• [What is needed]
Print only the lines below, from the very first to the one containing "Et av fire samiske", exactly as they stand. Do not print pictures.

• [Extracted information]

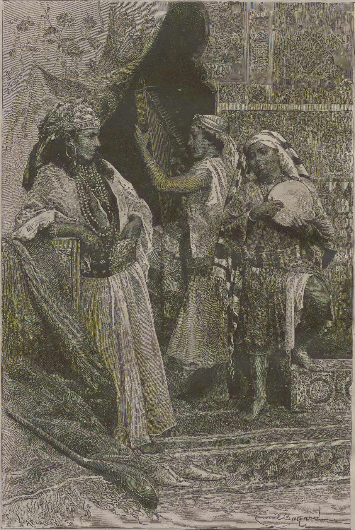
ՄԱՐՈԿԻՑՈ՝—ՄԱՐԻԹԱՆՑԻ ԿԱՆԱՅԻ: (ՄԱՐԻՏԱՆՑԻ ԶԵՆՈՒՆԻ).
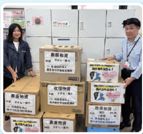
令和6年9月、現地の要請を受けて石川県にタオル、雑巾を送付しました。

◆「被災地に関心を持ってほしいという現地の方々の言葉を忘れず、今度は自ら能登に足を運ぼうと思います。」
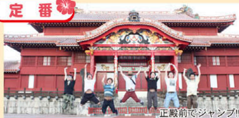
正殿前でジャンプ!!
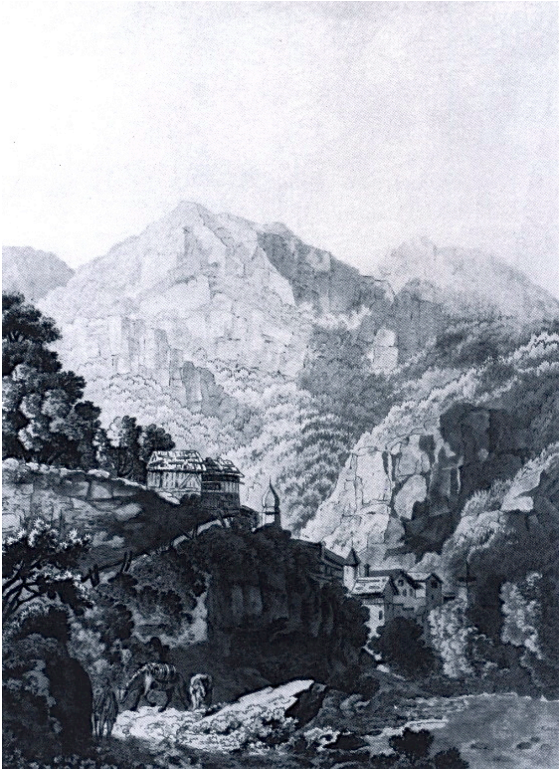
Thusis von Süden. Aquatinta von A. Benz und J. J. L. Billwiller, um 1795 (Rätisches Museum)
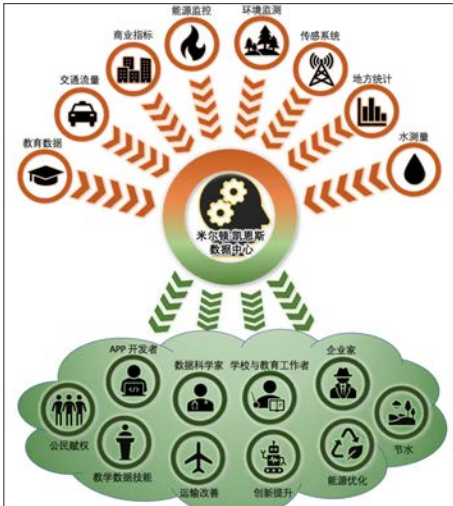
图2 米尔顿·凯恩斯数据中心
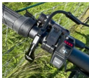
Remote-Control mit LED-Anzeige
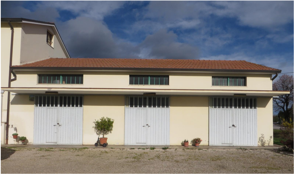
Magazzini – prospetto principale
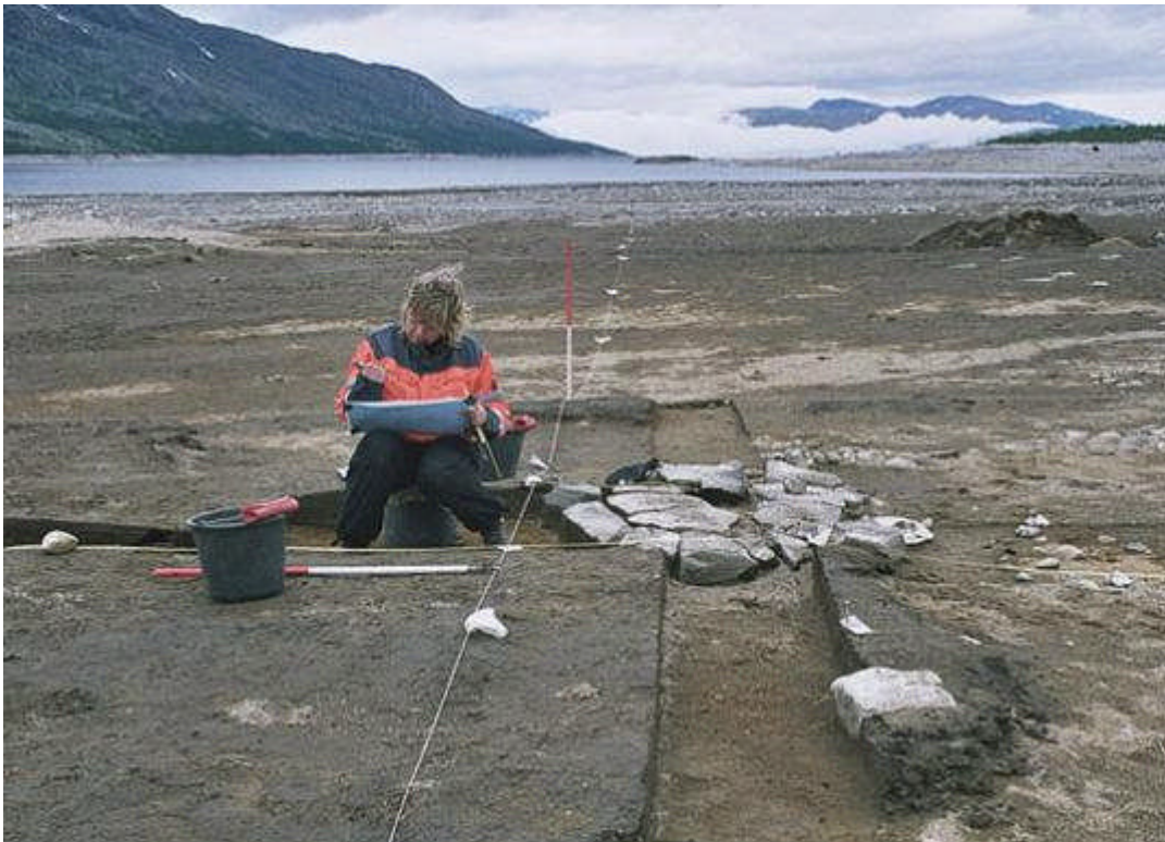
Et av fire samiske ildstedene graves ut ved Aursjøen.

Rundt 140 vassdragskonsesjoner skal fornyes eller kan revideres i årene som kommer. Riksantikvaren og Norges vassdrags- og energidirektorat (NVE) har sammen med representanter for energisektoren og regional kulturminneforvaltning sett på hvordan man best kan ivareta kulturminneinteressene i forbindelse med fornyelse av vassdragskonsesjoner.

• [Response area]
ՄԱՐՈԿԻՑՈ՝—ՄԱՐԻԹԱՆՑԻ ԿԱՆԱՅԻ: (ՄԱՐԻՏԱՆՑԻ ԶԵՆՈՒՆԻ).
令和6年9月、現地の要請を受けて石川県にタオル、雑巾を送付しました。

◆「被災地に関心を持ってほしいという現地の方々の言葉を忘れず、今度は自ら能登に足を運ぼうと思います。」
正殿前でジャンプ!!
Thusis von Süden. Aquatinta von A. Benz und J. J. L. Billwiller, um 1795 (Rätisches Museum)
图2 米尔顿·凯恩斯数据中心
Remote-Control mit LED-Anzeige
Magazzini – prospetto principale
Et av fire samiske ildstedene graves ut ved Aursjøen.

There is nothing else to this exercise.